Identification of conserved regulatory elements by comparative genome analysis

Abstract

Background: For genes that have been successfully delineated within the human genome sequence, most regulatory sequences remain to be elucidated. The annotation and interpretation process requires additional data resources and significant improvements in computational methods for the detection of regulatory regions. One approach of growing popularity is based on the preferential conservation of functional sequences over the course of evolution by selective pressure, termed 'phylogenetic footprinting'. Mutations are more likely to be disruptive if they appear in functional sites, resulting in a measurable difference in evolution rates between functional and non-functional genomic segments.

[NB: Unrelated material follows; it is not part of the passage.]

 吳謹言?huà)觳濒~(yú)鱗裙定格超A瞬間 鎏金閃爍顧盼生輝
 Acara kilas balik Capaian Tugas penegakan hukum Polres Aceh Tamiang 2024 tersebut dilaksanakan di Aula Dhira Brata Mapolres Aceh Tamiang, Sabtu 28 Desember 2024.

Results: We have devised a flexible suite of methods for the identification and visualization of conserved transcription-factor-binding sites. The system reports those putative transcription-factor-binding sites that are both situated in conserved regions and located as pairs of sites in equivalent positions in alignments between two orthologous sequences. An underlying collection of metazoan transcription-factor-binding profiles was assembled to facilitate the study. This approach results in a significant improvement in the detection of transcription-factor-binding sites because of an increased signal-to-noise ratio, as demonstrated with two sets of promoter sequences. The method is implemented as a graphical web application, ConSite, which is at the disposal of the scientific community at http://www.phylofoot.org/.

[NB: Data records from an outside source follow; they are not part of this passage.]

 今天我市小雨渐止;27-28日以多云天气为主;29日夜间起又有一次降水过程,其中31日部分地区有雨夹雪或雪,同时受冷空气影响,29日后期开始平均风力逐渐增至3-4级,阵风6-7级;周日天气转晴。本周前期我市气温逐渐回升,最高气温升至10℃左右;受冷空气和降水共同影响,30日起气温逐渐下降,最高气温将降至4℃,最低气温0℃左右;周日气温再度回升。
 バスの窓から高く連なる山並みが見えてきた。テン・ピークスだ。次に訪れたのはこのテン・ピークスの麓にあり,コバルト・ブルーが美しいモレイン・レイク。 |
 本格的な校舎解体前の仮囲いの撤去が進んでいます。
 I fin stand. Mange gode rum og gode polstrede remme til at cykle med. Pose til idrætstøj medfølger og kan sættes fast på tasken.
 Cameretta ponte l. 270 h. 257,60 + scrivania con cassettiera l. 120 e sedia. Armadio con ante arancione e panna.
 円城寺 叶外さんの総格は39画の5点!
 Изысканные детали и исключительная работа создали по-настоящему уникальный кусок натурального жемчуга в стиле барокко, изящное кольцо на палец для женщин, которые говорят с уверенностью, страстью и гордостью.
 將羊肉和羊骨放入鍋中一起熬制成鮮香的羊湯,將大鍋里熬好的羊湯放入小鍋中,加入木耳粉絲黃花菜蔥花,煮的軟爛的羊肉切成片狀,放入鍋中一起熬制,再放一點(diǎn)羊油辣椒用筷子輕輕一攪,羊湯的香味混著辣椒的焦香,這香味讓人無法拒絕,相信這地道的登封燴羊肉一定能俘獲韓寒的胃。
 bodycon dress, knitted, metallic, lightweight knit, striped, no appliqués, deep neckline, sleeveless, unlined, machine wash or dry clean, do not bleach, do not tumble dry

Conclusions: Phylogenetic footprinting dramatically improves the predictive selectivity of bioinformatic approaches to the analysis of promoter sequences. ConSite delivers unparalleled performance using a novel database of high-quality binding models for metazoan transcription factors. With a dynamic interface, this bioinformatics tool provides broad access to promoter analysis with phylogenetic footprinting.

Figure 1

Cross-species comparisons of the β-globin gene promoter. (a) Analysis of the human promoter without phylogenetic filtering generates numerous predictions, most of which are biologically irrelevant. (b) Comparison with the chicken promoter fails to detect conserved sites (screened with the artificially low conservation cutoff of 25%). (c) Comparison with the mouse promoter sequence identifies conserved sites, including a documented GATA-binding site [49] (boxed). (d) Comparison with the cow promoter identifies more conserved sites. (e) Comparison to the Macaque monkey (Macaca cynomolgus) promoter results in a plot similar to the single sequence analysis. Unless indicated, all plots were generated using all available matrices from vertebrates, with 70% conservation cutoff, 50 base-pair window size and 85% transcription factor score threshold settings. The y axis in all graphs specifies the percentage of identical nucleotides within a sliding window of fixed length (using the default of 50 base-pairs). The x axis refers to the nucleotide position in the human sequence at which the window initiates.

Figure 2

The impact of phylogenetic footprinting analysis. Both (a-c) a high-quality set (14 genes and 40 verified sites), and (d-f) a larger collection of promoters (57 genes and 110 sites, from the TRANSFAC database [20,21]) were analyzed. (a,d) Comparison of the selectivity (defined as the average number of predictions per 100 bp, using all models) between orthologous and single-sequence analysis modes. (b,e) Comparison of the sensitivity (the portion of 40 or 110 verified sites, respectively, that are detected with the given setting) between orthologous and single-sequence analysis modes. (c,f) Ratios of the number of sites detected in single-sequence mode to the number detected in orthologous-sequence mode; the pair: single-sequence ratios are displayed for both sensitivity (detected verified sites) and selectivity (all predicted sites).

Figure 3

The ConSite result report and visualization tools for the analysis of two orthologous genomic sequences. (a) Graphical view, with conservation profile plots for the two orthologous sequences, as well as the control panel for altering the visualization parameters. (b) Pop-up window containing information about individual TFBSs. (c) Detailed alignment view, providing sequence-level details on putative TFBSs conserved between two orthologous sequences.